Continuity of a business in case of insolvency proceedings
Generally, the liquidator checks whether a business can be continued after insolvency proceedings are opened.
Within 90 days after insolvency proceedings are opened, a reporting session must take place in court. No later than at this point, the liquidator reports whether the conditions for the business being closed immediately or for operations to continue have been met.
In the time between the opening of insolvency proceedings and the reporting session, the liquidator will review what chance the business has to continue to operate and the prospects for successful reorganisation. Up to the date of the reporting session, the liquidator must continue the business, unless it is apparent that continuation will lead to an increased losses to insolvency creditors.
The debtor must provide the liquidator with information that includes the following:
- they must prepare a list of creditors
- provide bank details
- provide information about existing contracts and any pending court proceedings
- if the intent is continue, they must make a list of monthly fixed costs.
Furthermore, the debtor must submit a list of assets to the court.
There must also be current annual accounts and updated accounting records. The liquidator must analyse the figures and prepare a prognosis for continuing operation. If the outcome is negative, the liquidator must submit an application for closure.
These rules apply to all traders from EU Member States in Austria.
Security deposit for continuation
If the prognosis is negative, the debtor can prevent the company from being closed by filing a security deposit for continuation. The purpose of this is to avoid creditors suffering financial losses from continuation.
Continuation of a business
In the reporting session, the liquidator must report on whether the conditions for closure or continuation are met and whether a reorganisation plan is in the interest of the creditors.
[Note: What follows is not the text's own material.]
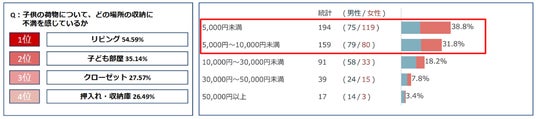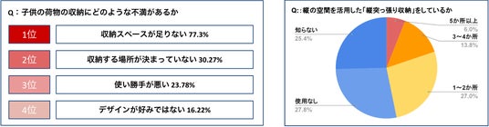他にも、第3位がクローゼット(27.57%)、第4位が押入れ・収納庫(26.49%)と、住まいに備わった収納においても子供の荷物に悩みを感じている人が多い結果に。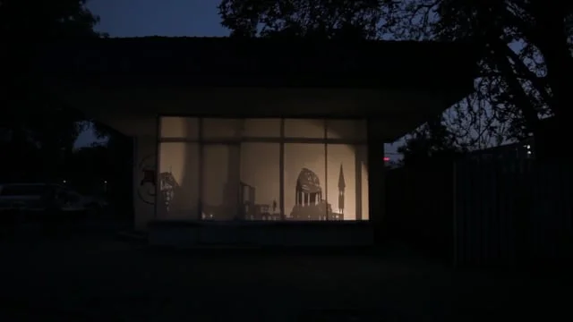 Uncommon Shadows was an urban intervention created for One Architecture Week in Plovdiv Bulgaria. Responding to a theme proposed by the festival curators, Mere Phantoms created an interactive shadow box inside an abandoned gas station right at the Maritsa River bank. Lit from within the space, the façade of the gas station transformed into a projection box.

If the conditions for continuation are met, the insolvency court must after hearing the creditors issue a decision regarding continuation. If a reorganisation plan is also under consideration because it is in the interest of the creditors and is feasible, the debtor can apply for a deadline for submission of a reorganisation plan.
If, during the reporting session, the debtor submits an application for the granting of a deadline for submission of a reorganisation plan, the business cannot be wound up within this period of no more than 14 days. If the debtor then applies for a reorganisation plan within these 14 days, the business will be continued. If the reorganisation plan is not accepted within 90 days or it is not in the interest of the creditors, the business is closed and wound up.